• [What is needed] In the entries below, find the line containing "レトロな着物とカラフルな袴に" and the line containing "Удостоверение к медали". Copy those two lines and everything between them exactly, and only that.

--- Provided data ---

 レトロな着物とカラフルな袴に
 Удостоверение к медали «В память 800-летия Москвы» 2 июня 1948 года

---
--- Provided data ---

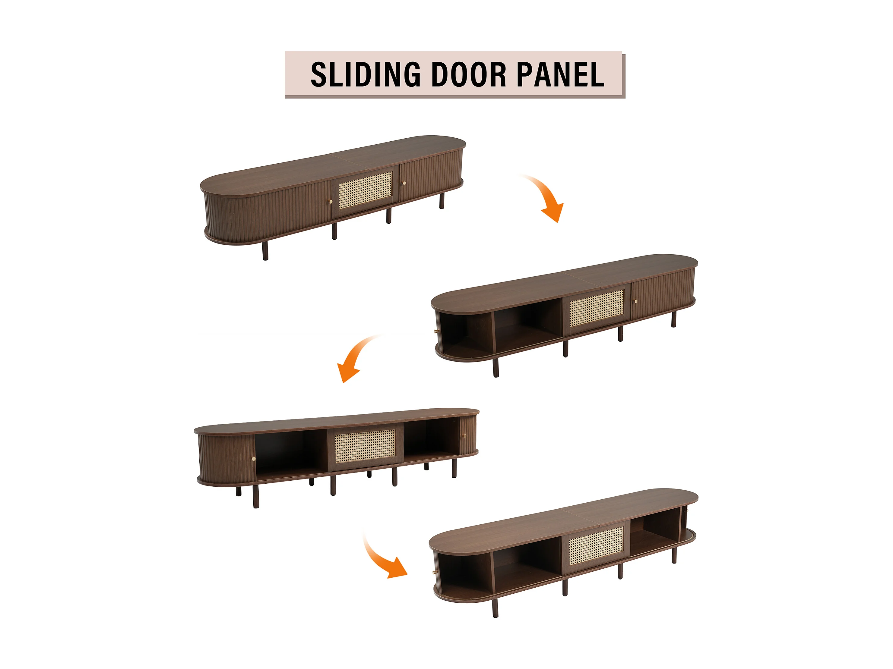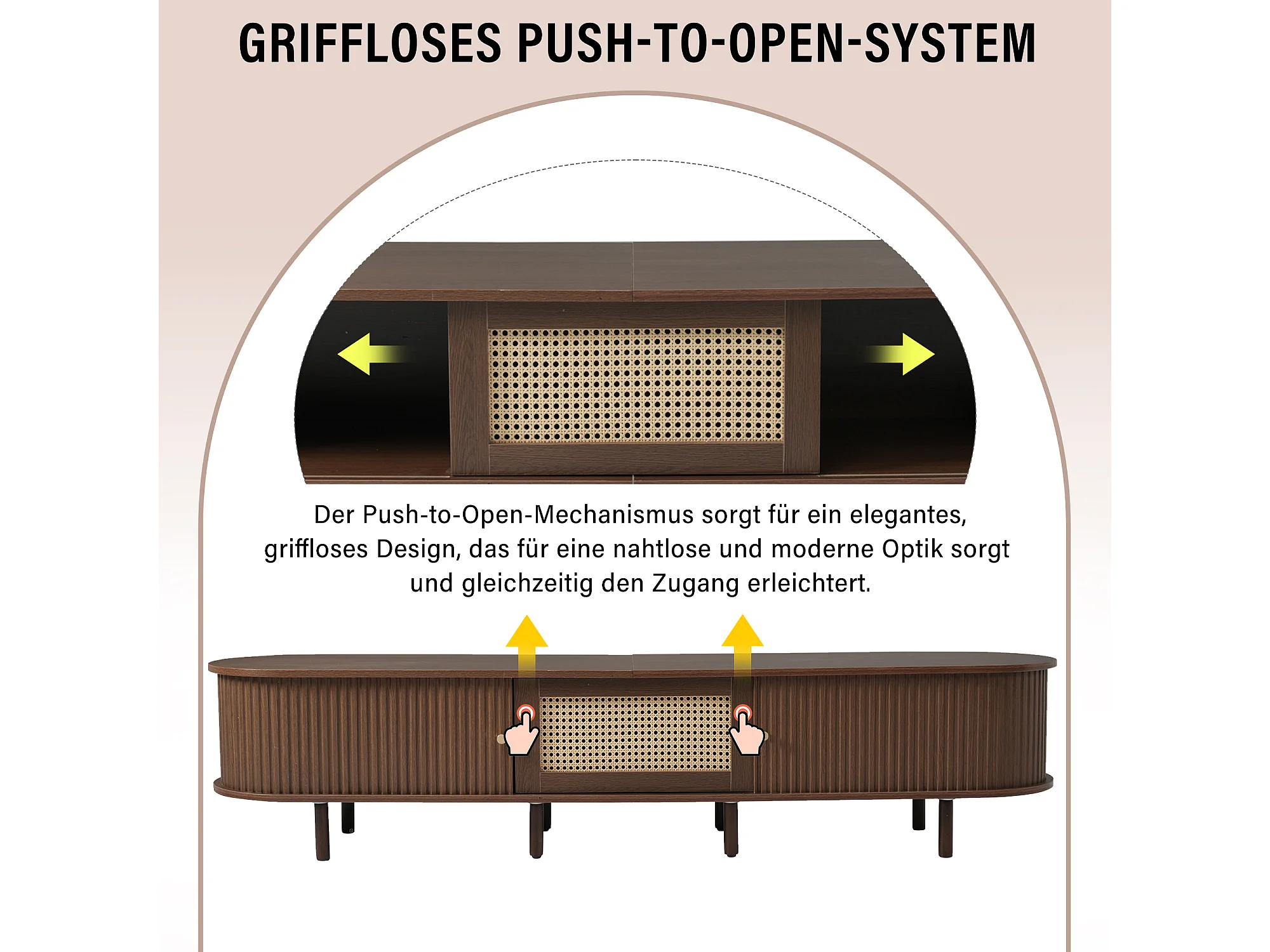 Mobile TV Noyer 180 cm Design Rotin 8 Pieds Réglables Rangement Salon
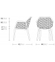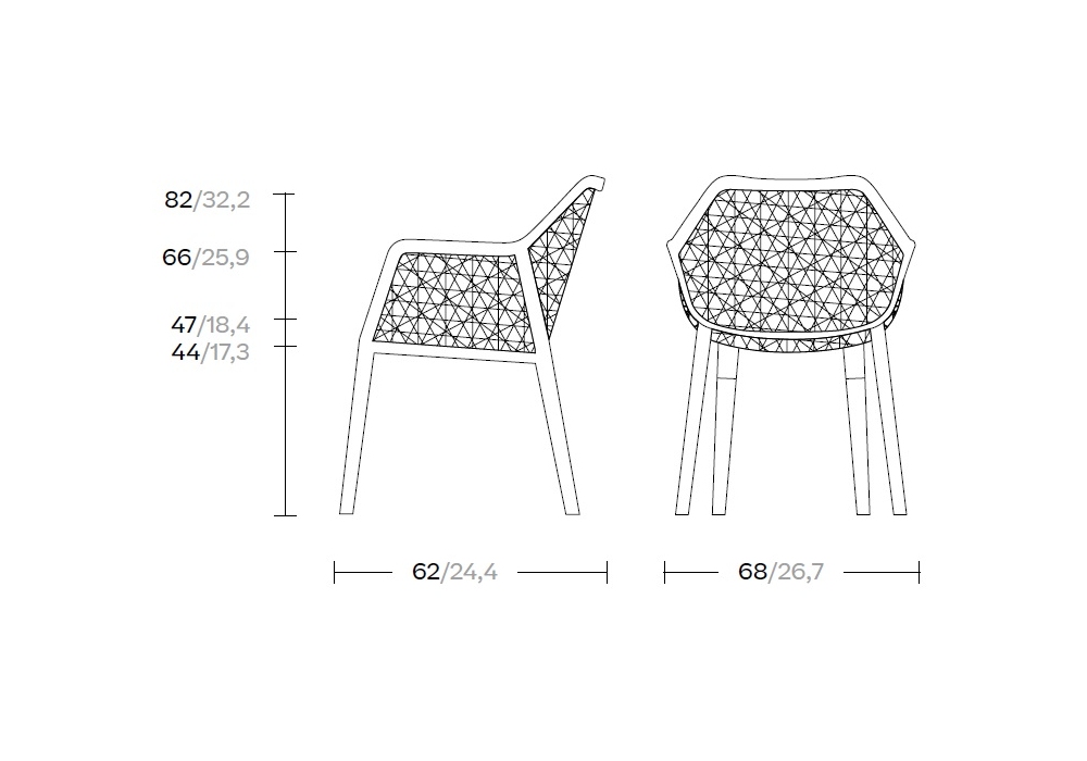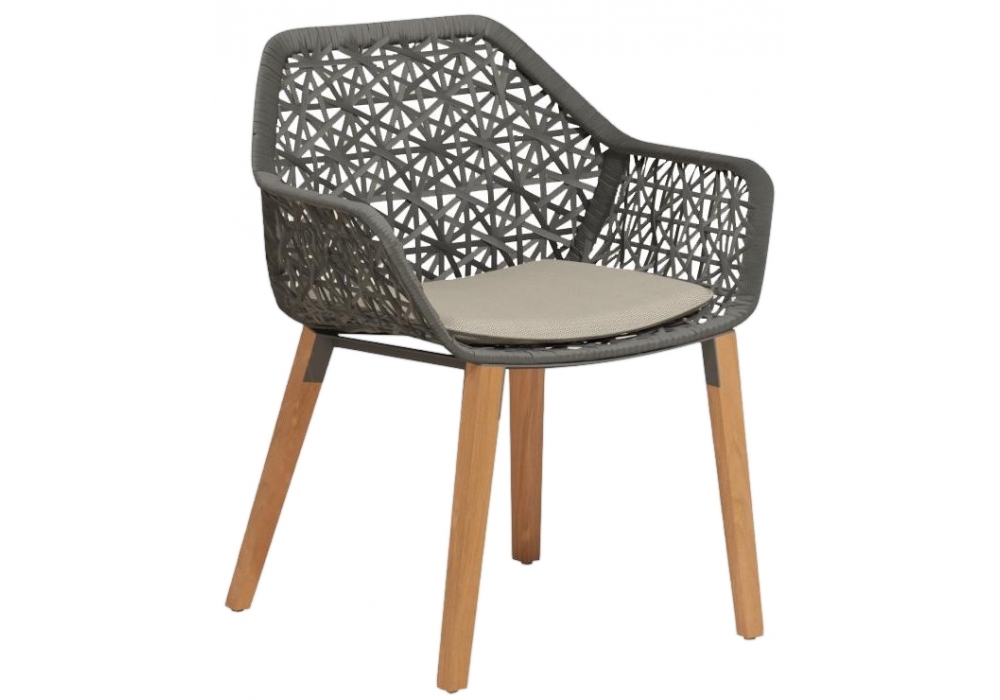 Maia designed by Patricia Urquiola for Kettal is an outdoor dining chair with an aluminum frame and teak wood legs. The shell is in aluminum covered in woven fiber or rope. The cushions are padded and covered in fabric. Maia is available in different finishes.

---

• [Result]
 レトロな着物とカラフルな袴に
 Удостоверение к медали «В память 800-летия Москвы» 2 июня 1948 года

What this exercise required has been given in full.